Soraya sama sekali tidak tersinggung dengan perkataan Melanie, perempuan itu justru tertawa lebar. “Itu salah satu keuntungan menjalani pernikahan terbuka, aku enggak harus sibuk menebak-nebak Dylan sedang menyembunyikan sesuatu atau enggak.” Soraya menyesap mijitonya dengan nikmat. “Ketika dia bosan, dia akan bilang. Ketika aku menemukan lelaki yang lumayan menghibur, dia juga mengerti.” Soraya menatap Aruna yang menatap lautan dengan tatapan kosong. ”Enggak ada ekspektasi dalam hubungan ini. Jadi, ketika sesuatu berjalan enggak sesuai harapan, kami sama-sama enggak terluka.”
Soraya tahu ucapannya terdengar jahat, tapi sejak dulu ia memang tidak pernah percaya jika seseorang bisa merasa cukup hanya dengan satu pasangan. Lain halnya dengan Aruna yang percaya jika ia bisa menjadi perempuan yang sempurna, maka ia tidak akan ditinggalkan.
Kepercayaan Aruna membuat membuat perempuan itu bekerja keras memenuhi ekspektasi seseorang kepadanya, Aruna belajar memasak padahal ia benci uang panas dari penggorengan, Aruna sama sekali tidak memperkerjakan pembantu karena ia mengurus sendiri urusan rumahnya. Aruna juga menjadi istri yang patuh dan penuh pengertian, selalu berusaha mengerti Aditya karena ia percaya bahwa lelaki tidak suka dibantah.

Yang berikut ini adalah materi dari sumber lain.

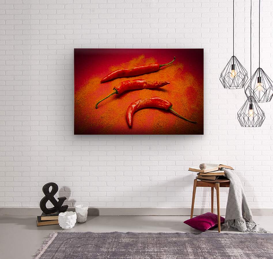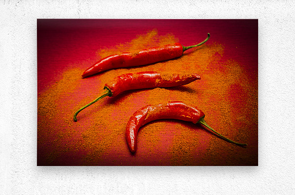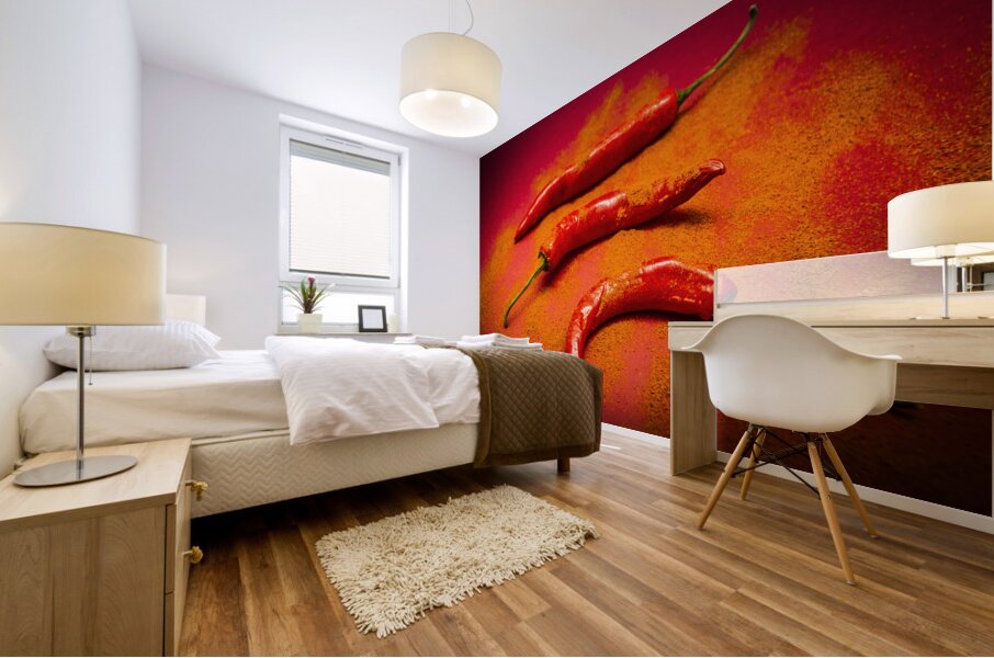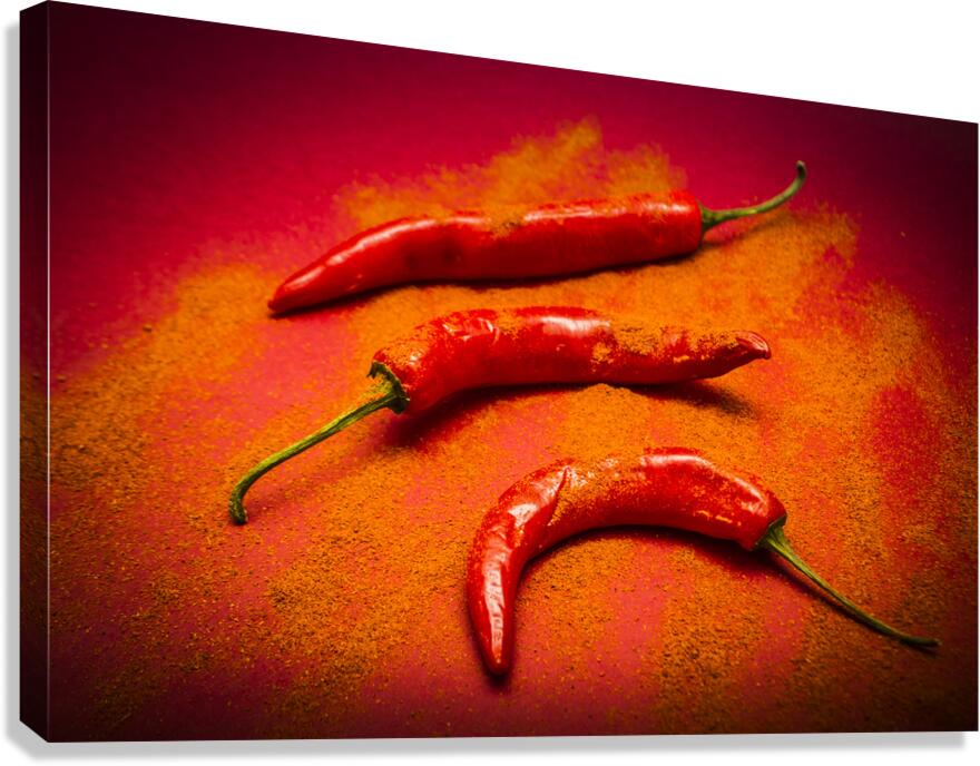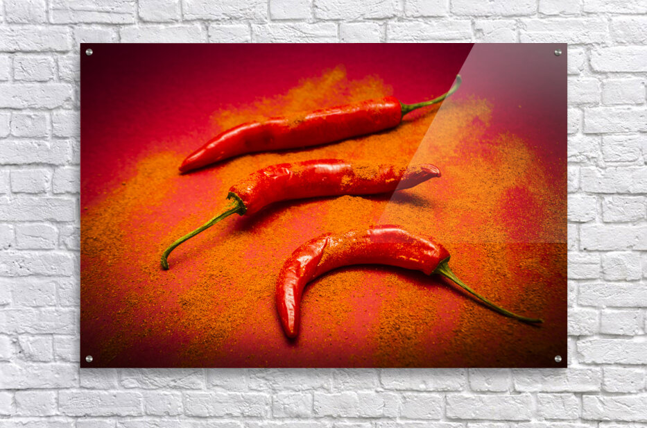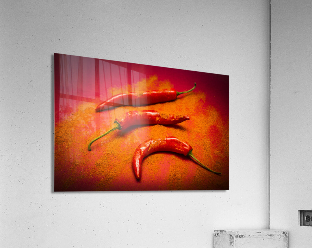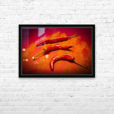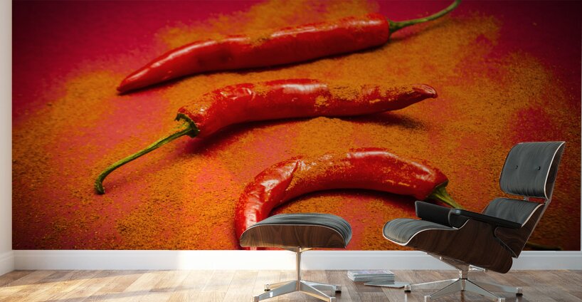 Curry shop art on a red chilli pepper pile being seasoned in hot chili powdered flakes on red kitchen background

“Well, aku benar-benar bersyukur karena memilih tetap sendiri di saat kalian sibuk berumah tangga,” ucap Melanie sebelum menghabiskan minumannya dalam satu kali teguk.
Soraya tertawa, “Santai aja, Mel. Masih tiga tahun lagi sebelum kamu mencapai usia tiga puluh.”
”Aku enggak akan menikah, aku enggak mau jadi setengah gila seperti kalian.” gerutuan Melanie berhasil memancing tawa Aruna, tawa pertama yang perempuan itu keluarkan semenjak menginjakkan kaki di Bali.
***
“Kapan-kapan kita liburan ke sini ya, Mas.”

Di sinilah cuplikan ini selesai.